Zawaliła się część kamienicy w Warszawie. Ewakuowano mieszkańców sąsiedniego budynku
Zawaliła się kamienica przy ulicy Wileńskiej 5 na warszawskiej Pradze. Budynek nie był zamieszkany, ale ewakuowano mieszkańców sąsiedniego. Ulica Wileńska jest zamknięta od Targowej do Inżynierskiej. Po godzinie 21 straż pożarna poinformowała, że psy ratownicze nie podjęły śladu w ruinach. Oznacza to, że w chwili zawalenia w budynku nie znajdowały się żadne osoby.
Prewencyjnie ewakuowano 56 mieszkańców sąsiedniej kamienicy, na której pojawiły się pęknięcia.
- Oględzin budynku dokonał inspektor nadzoru budowlanego, który wydał zgodę na powrót mieszkańców do kamienicy. Nie zgodził się na to zarządca nieruchomości.
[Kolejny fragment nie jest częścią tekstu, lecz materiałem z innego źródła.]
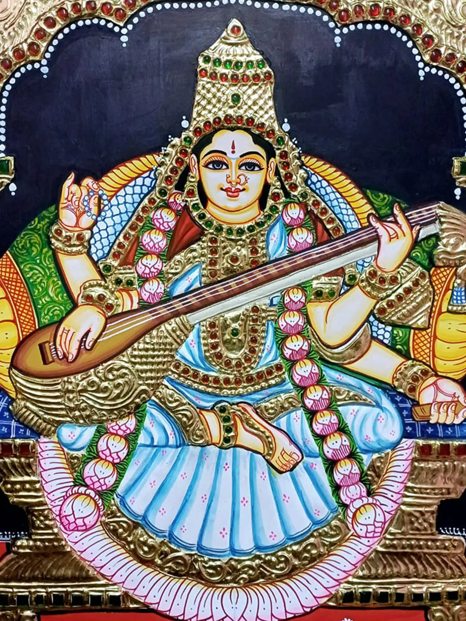 Veenapani- holding the Veena in her hands, is a classic imagery of the Hindu goddess of wisdom, Devi Saraswati, who appears as a divine queen in this glowing Tanjore painting.

Władze dzielnicy zapewniają nocleg dla ewakuowanych mieszkańców - poinformował rzecznik Państwowej Straży Pożarnej st. bryg. Paweł Frątczak.
Prezydent Warszawy Hanna Gronkiewicz-Waltz poinformowała wcześniej, że część mieszkańców ewakuowanego budynku spędzi noc w hotelu. "Musimy być absolutnie pewni, że nic im nie grozi w mieszkaniach" - napisała na Twitterze.
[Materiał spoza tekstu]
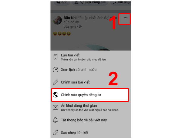 Bước 4: Đợi quá trình tải lên hoàn tất và hiện lên dòng thời gian và chọn vào dấu 3 chấm bên góc phải của giao diện và chọn vào mục Chỉnh sửa quyền riêng tư.

Policja i strażacy na miejscu
- Zawaliła się część kamienicy przy ulicy Wileńskiej 5. Jest to pustostan. Policjanci są już na miejscu i zabezpieczają teren - powiedziała wcześniej w poniedziałek komisarz Ewa Szymańska-Sitkiewicz z biura prasowego Komendy Stołecznej Policji.
- Zawalił się jeden segment oficyny kamienicy przy ul. Wileńskiej 5. Runęło pięć kondygnacji - cztery piętra wraz z parterem. Nie ma na razie informacji o poszkodowanych. Ale teren przeszuka grupa poszukiwawcza "Warszawa" z Jednostki Ratowniczo-Gaśniczej nr 15 - powiedział starszy aspirant Łukasz Płaskociński z zespołu prasowego Komendy Miejskiej Państwowej Straży Pożarnej miasta stołecznego Warszawy.
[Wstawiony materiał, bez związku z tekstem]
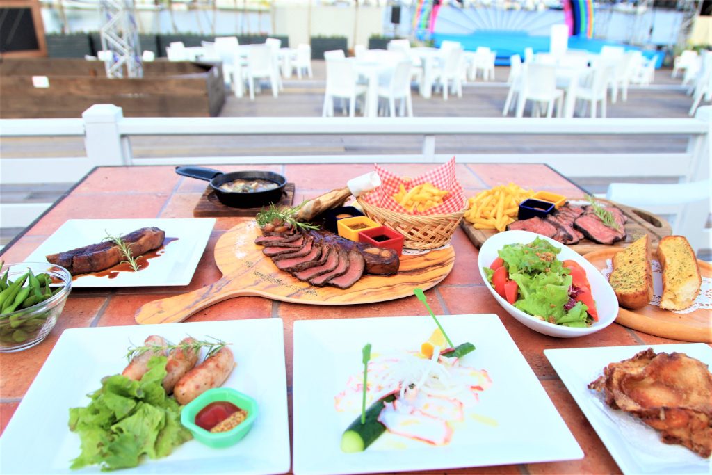 メニューもビールに合うグリルやおつまみが豊富!写真真ん中の「スペシャルグリルプレート」6,500円(税込)はチキン・スペアリブ・ビーフの盛り合わせでお肉好きにはたまらない豪華なプレートです。

Późno wieczorem w poniedziałek straż pożarna poinformowała, ze w ruinach nie wykryto śladów ludzi.
Zwierzęta nie wyczuły ludzi
- Psy ratownicze nie podjęły śladu - powiedział polsatnews.pl starszy aspirant Łukasz Płaskociński.
Straż pożarna pozostała na miejscu aby usunąć fragmenty konstrukcji budynku, które mogłyby spaść z dużej wysokości i uszkodzić zaparkowane na dole samochody.
- Na miejscu jest także inspektor nadzoru budowlanego, który podejmie decyzję, co dalej z ewakuowanymi mieszkańcami - powiedział Płaskociński.
Wiceprezydent stolicy Michał Olszewski obecny na miejscu zdarzenia poinformował, że ewakuowanym mieszkańcom została udzielona pomoc. Według niego do kamienicy zgłoszone były roszczenia dawnych właścicieli i z tego powodu od dawna nie była remontowana. Była również zabezpieczona przed dostępem osób niepowołanych.
Zawalony fragment budynku nie jest widoczny z ulicy. Do wypadku doszło w podwórzu.
Zamknięty pustostan na Pradze
Kamienica jest opuszczona, a dostęp do niej jest na co dzień zamknięty.
Po wypadku strażacy ewakuowali mieszkańców klatki budynku przy ul. Wileńskiej 7, której lokale przylegają bezpośrednio do zawalonego fragmentu budynku.
Do zdarzenia doszło po godzinie 20:00.
Na razie nie ma informacji o tym, aby ktoś został poszkodowany.